_Supplied material_
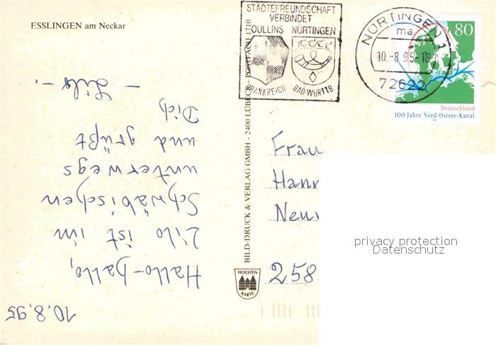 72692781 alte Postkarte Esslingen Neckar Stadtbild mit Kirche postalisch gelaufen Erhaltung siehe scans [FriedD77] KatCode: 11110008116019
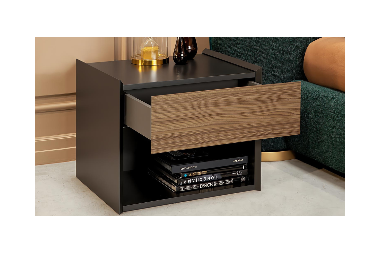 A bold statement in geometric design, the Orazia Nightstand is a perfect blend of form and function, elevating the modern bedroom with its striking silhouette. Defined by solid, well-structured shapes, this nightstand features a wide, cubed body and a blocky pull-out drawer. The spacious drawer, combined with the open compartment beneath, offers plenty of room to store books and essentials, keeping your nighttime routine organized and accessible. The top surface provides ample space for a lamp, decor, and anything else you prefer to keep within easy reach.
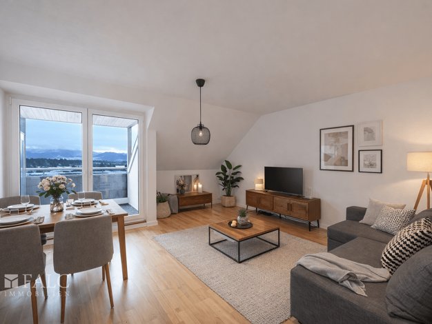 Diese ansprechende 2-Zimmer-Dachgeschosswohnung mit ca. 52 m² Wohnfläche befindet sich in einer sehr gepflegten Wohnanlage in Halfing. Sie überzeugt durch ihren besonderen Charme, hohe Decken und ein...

_Exercise description_
Would you print the whole listing exactly, omitting the pictures?

_The answer_
 72692781 alte Postkarte Esslingen Neckar Stadtbild mit Kirche postalisch gelaufen Erhaltung siehe scans [FriedD77] KatCode: 11110008116019
 A bold statement in geometric design, the Orazia Nightstand is a perfect blend of form and function, elevating the modern bedroom with its striking silhouette. Defined by solid, well-structured shapes, this nightstand features a wide, cubed body and a blocky pull-out drawer. The spacious drawer, combined with the open compartment beneath, offers plenty of room to store books and essentials, keeping your nighttime routine organized and accessible. The top surface provides ample space for a lamp, decor, and anything else you prefer to keep within easy reach.
 Diese ansprechende 2-Zimmer-Dachgeschosswohnung mit ca. 52 m² Wohnfläche befindet sich in einer sehr gepflegten Wohnanlage in Halfing. Sie überzeugt durch ihren besonderen Charme, hohe Decken und ein...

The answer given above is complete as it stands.